→ Upcoming Episode: Why LLM Progress is Getting Harder
Featuring: | |
Date: | 30 Sep 2025 |
Time: | 11:00 AM PDT |
Join us for a conversation with Drew Breunig about the data products that fueled AI’s rapid advancement and why they’ve reached their limits.
We’ll be jumping off from his blog post, Why LLM Advancements Have Slowed: The Low-Hanging Fruit Has Been Eaten.

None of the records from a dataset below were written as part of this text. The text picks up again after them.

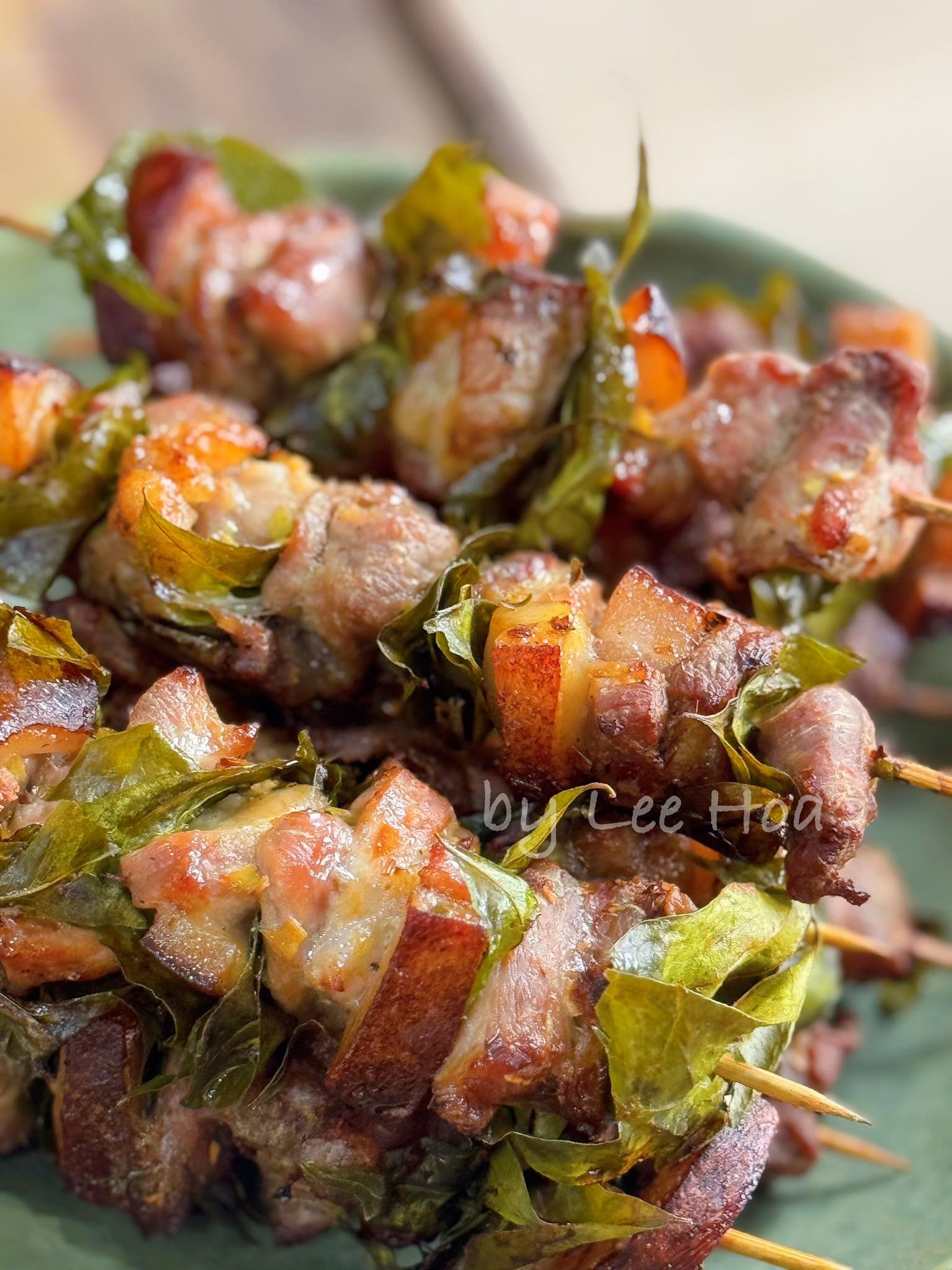 Với công thức này có thể gói thịt lại bằng lá chuối. Đem hấp hoặc nướng với than hoa. Hoặc món dùng xiên nướng bằng nồi chiên với nhiệt 160 độ trong 40 phút.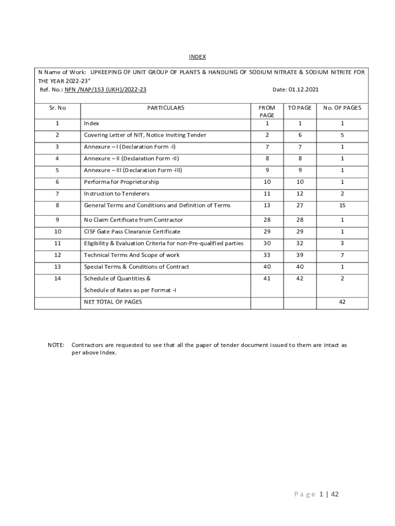 INDEX N Name of Work: UPKEEP ING OF UNIT GROUP OF PLANTS & HANDLING OF SODIUM NITRATE & SODIUM NITRITE FOR THE YEAR 202223 Ref. No.: NON /NAP/153 (UK)/202223 Date: 01.12.2021 Sr. NoPARTICULARSFROM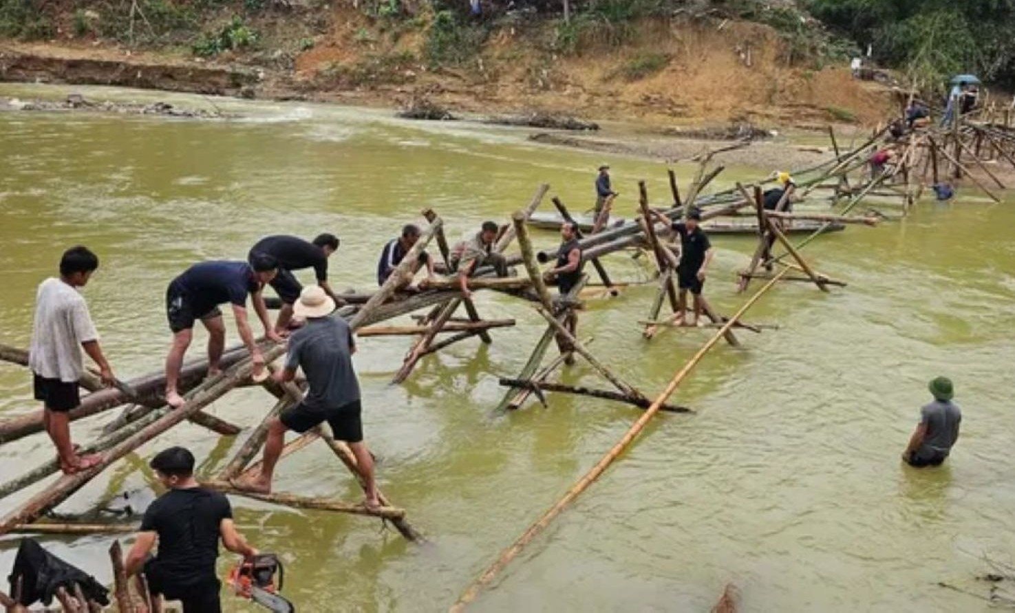 Trên địa bàn tỉnh Nghệ An, đợt lũ lịch sử đầu tháng 10 vừa qua đã cuốn sập nhiều cây cầu, trong đó có cầu cứng Trung Thắng vượt khe Huồi Nguyên. Để đảm bảo đi lại cho người dân, chính quyền xã Yên Hòa đã huy động lực lượng dựng cầu tạm bằng tre, nứa dài hàng trăm mét cạnh vị trí cầu cũ, giúp người dân qua lại an toàn hơn.

The Three Data Products That Changed Everything
- MNIST: The handwritten digits dataset that launched neural networks into commercial viability
- ImageNet: The multi-million-image dataset built with crowdsourced labor that triggered the deep learning revolution
- Common Crawl: The internet-scale dataset that became the foundation for large language models
Why These Data Products Had Such Impact
We’ll discuss what made these datasets so transformative - from MNIST’s careful curation and distribution via CD-ROM, to ImageNet’s massive scale enabled by Amazon Mechanical Turk, to Common Crawl’s unprecedented scope of 250 billion web pages.

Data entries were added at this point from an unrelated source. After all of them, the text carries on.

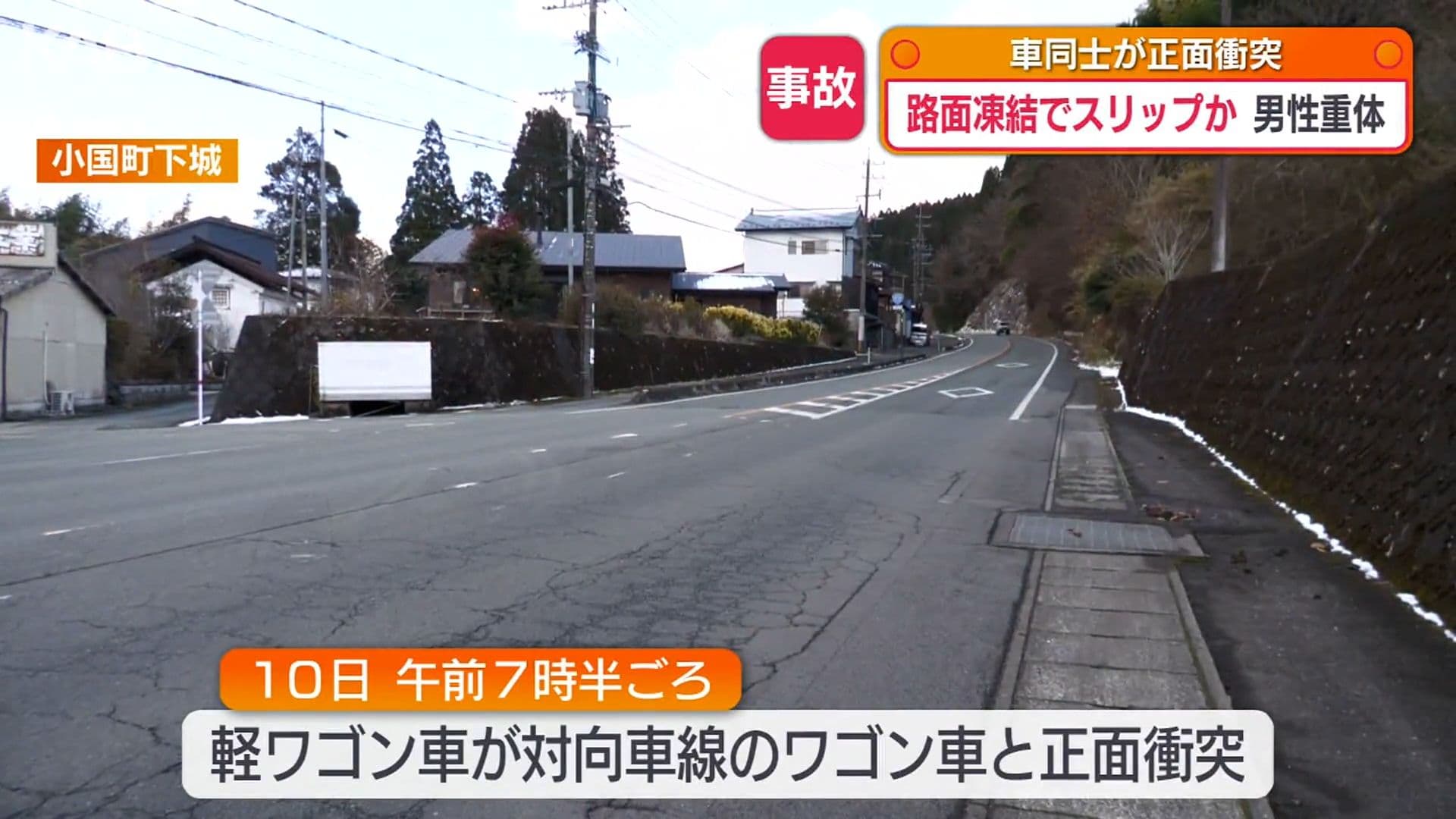 路面凍結によるスリップか 正面衝突で70代男性が意識不明の重体
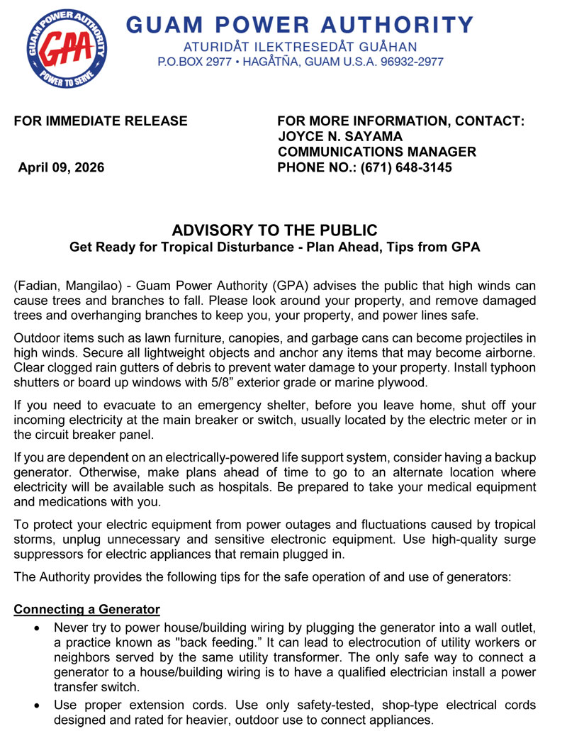Advisory to the Public - Get Ready for Tropical Disturbance - Plan Ahead, Tips from GPA 20260409 (final)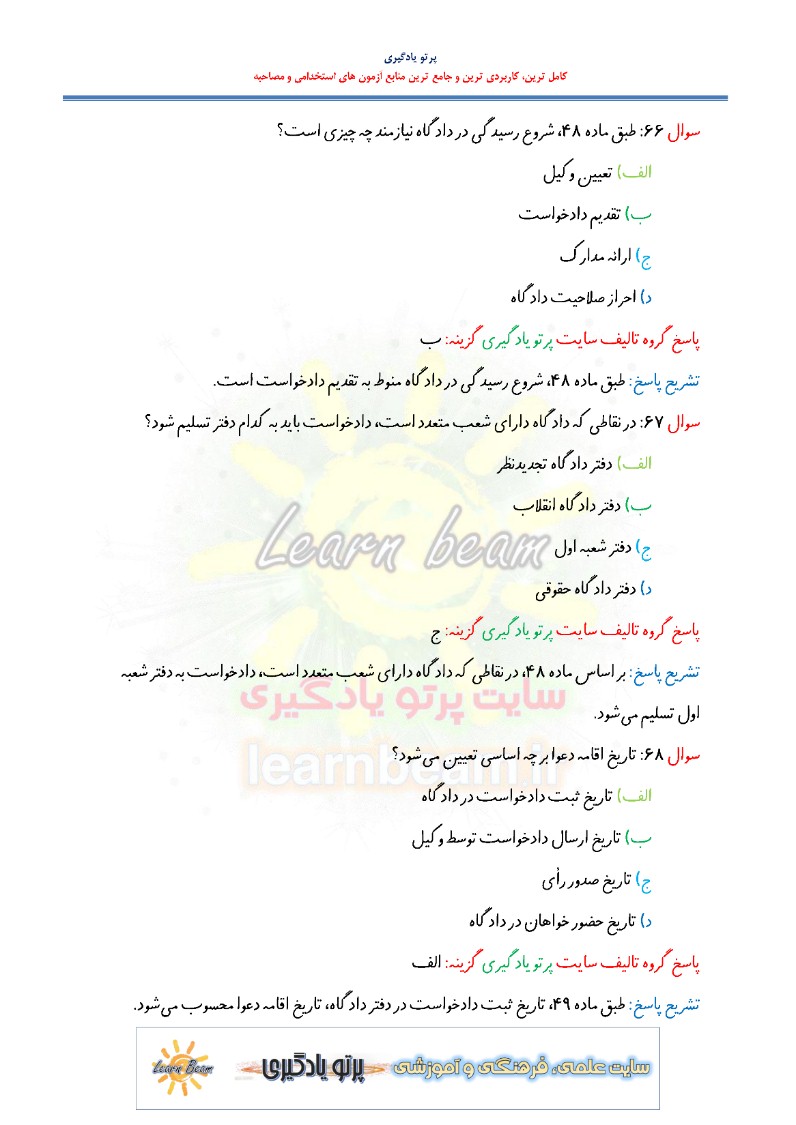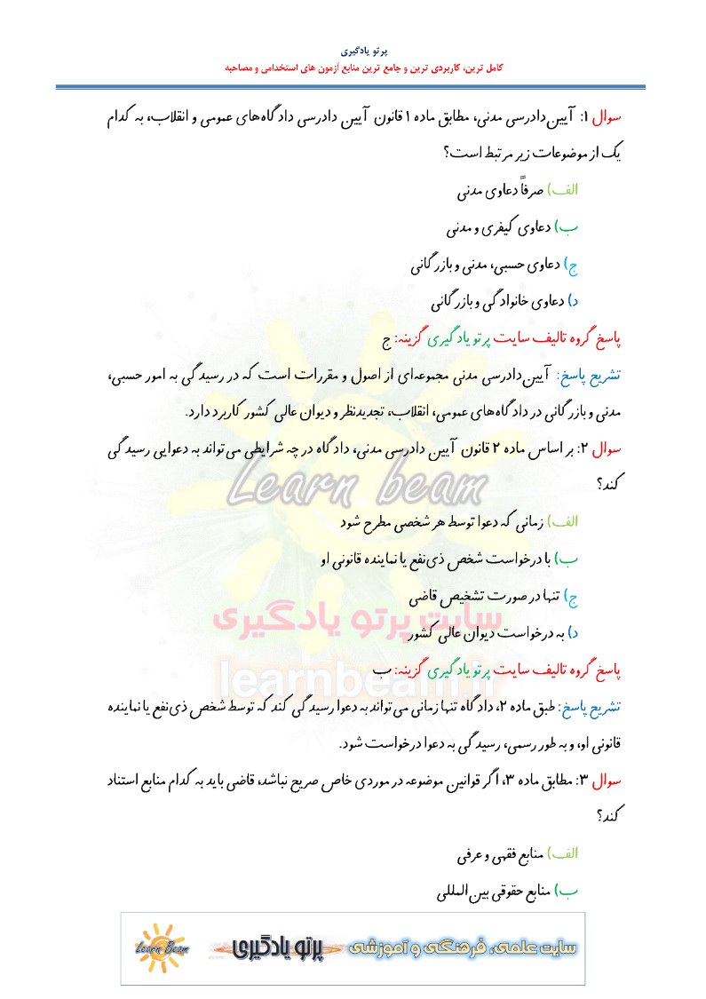 سوالات تستی قانون آیین دادرسی مدنی شامل 150 سوال تستی در 59 صفحه با پاسخ تشریحی در قالب فایل pdf قابل چاپ با کیفیت عالی جهت انسجام ذهنی، خودآزمایی و مطالعه سریع داوطلبین شرکت کننده در آزمون های استخدامی و دوازدهمین امتحان مشترک فراگیر دستگاه های اجرایی کشور مطابق با دفترچه ثبت نام و مطابق با سرفصل های اعلام شده در دفترچه راهنمای ثبت نام می باشد.

What Happens When the Well Runs Dry
Drew argues we’ve consumed decades of accumulated internet content and graphics innovation in just a few years. Now that these foundational data products have been exhausted, progress will be “slow, incremental, and hard-fought.”
We’ll explore what this means for the future of AI development and where the next breakthroughs might come from.